Очевидно, что, работая в унисон со сложившейся модой – ассоциировать голландцев с библейским народом, а годы, проведенные внутри Габсбургской империи, ассоциировать с Вавилонским пленением евреев, – Рембрандт пошел дальше. Он провозгласил сострадание к изгою критерием гуманизма.
5
В молодости Рембрандт рисовал веселых людей, на автопортрете с Саскией он смеется; затем изображал стариков, подводящих итоги жизни; они смотрят внутрь себя и никогда не улыбаются. Лишь в последнем автопортрете, где на зрителя глядит изглоданный жизнью старик, Рембрандт засмеялся вновь. Есть другой автопортрет, который можно поставить рядом с предсмертным рембрандтовским. Ван Гог, рисуя себя с перевязанным ухом, показал, как человек, раздавленный судьбой, решил еще немного поработать. В последнем автопортрете Рембрандта жалкий доходяга, у которого отняли все, чье искусство никому не нужно, – смеется.

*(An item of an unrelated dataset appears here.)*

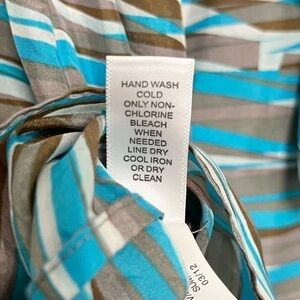 Banana Republic women’s silk ruffle front tank top in blue teal, brown and grey colors. Size 2.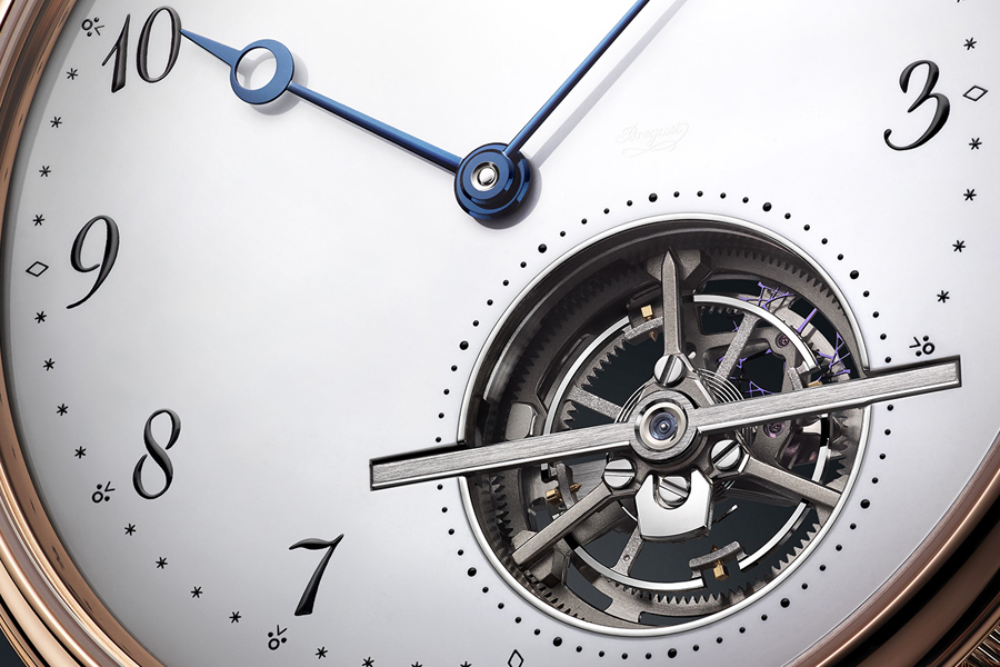 Il giro delle ore con numeri arabi Breguet è decentrato a ore 11, diametralmente opposto al tourbillon situato a ore 5. Questa disposizione degli indicatori ricorda molto gli orologi da tasca realizzati da A.L. Breguet, al quale piaceva rivoluzionare le convenzioni estetiche degli orologi della sua epoca.

Европейский гуманизм знает, что он смешон, потому отождествляет себя с шутами и отверженными. Комедианты Пикассо и клоуны Руо, шуты Шекспира и Веласкеса смеются так же, как беззубый Рембрандт. Так смеется шут Гонелла кисти Фуке и величайший живописец Френхофер, выдуманный Бальзаком («Неведомый шедевр»). Рембрандт в этом автопортрете напоминает старика Френхофера, общее и то, что оба художника отыскали связь вещей, пресловутый философский камень. В алхимической традиции одинокая смерть есть обязательная прерогатива творца – мастер уподобляется Христу; такая смерть есть условие воскрешения. В этом они тоже сравнялись.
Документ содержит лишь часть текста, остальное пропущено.